I concur in opinion that a creditor may maintain an action on the bond, Por the act of assembly directs that any party injured may sue; which applies to every person who is prejudiced by the misconduct of the executor. The cases cited against it have no influence upon the question; for they are contradictory to themselves, and were made upon a statute which differs from ours. The only point of enquiry in all such cases is, whether the plaintiff is a party injured by the course which the executor has pursued; and if he proves it in the manner prescribed by law, he brings himself emphatically within the language and meaning of the act. But then the question arises, What the creditor must do to avail himself of the benefit of the bond? And the answer is, that he is to *prove himself a creditor by a judgment against the executor; that he issued execution; and that nulla bona was returned. For until that is done, the executor is presumed to have acted rightly, and that the bond has not been forfeited; for the plaintiff, in every such case, must prove a devastavit before he is entitled to sue upon the bond. In the present case, however, none of the plaintiffs have taken all these steps; and therefore, none of them can sustain the action. But this is not all; for the verdict does not find the amount of the supposed devastavit; which was indispensably requisite; because neither the executor nor the securities were liable for more than the waste actually committed. Upon the whole, I think the plaintiffs have not made out their case; and that the judgment ought to be reversed.

CARRINGTON, Judge.

It is not necessary to repeat the reasons given by my brethren for the judgment which is to be rendered.
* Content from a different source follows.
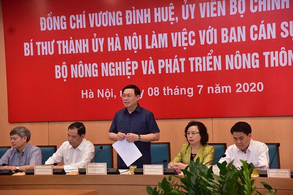 Phát biểu mở đầu, Bí thư Thành ủy Hà Nội Vương Đình Huệ cho biết, Hà Nội dù là Thủ đô, một đô thị đặc biệt nhưng nông nghiệp cũng có vị trí hết sức quan trọng. Hiện nay, 17 huyện, 1 thị xã và 6 quận của thành phố còn sản xuất nông nghiệp, diện tích đất nông nghiệp vẫn chiếm tới 58,3%...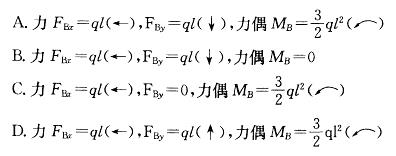 结构的载荷与尺寸均已知。B处约束的全部约束力为:![]()

I shall therefore content myself with saying that I concur with the rest of the court; and deliver it as their unanimous ■ opinion, that the court below erred in this, that it was not shewn that the plaintiffs had obtained a judgment against the executor in the first place, and pursued the testator’s estate until it was exhausted.

The judgment is therefore totally reversed, and the following is to be the entry: i

“The court is of opinion that the matter stated in the demurrer to be shewn in evidence by the defendants is not sufficient in law to fix a devastavit on Bernard Moore in the record mentioned, orto maintain the issue on the part of the defendants: Therefore it is considered by the court that the judgment, in consequence of the opinion of the said general court that the matter was sufficient in law, be reversed, &c. ”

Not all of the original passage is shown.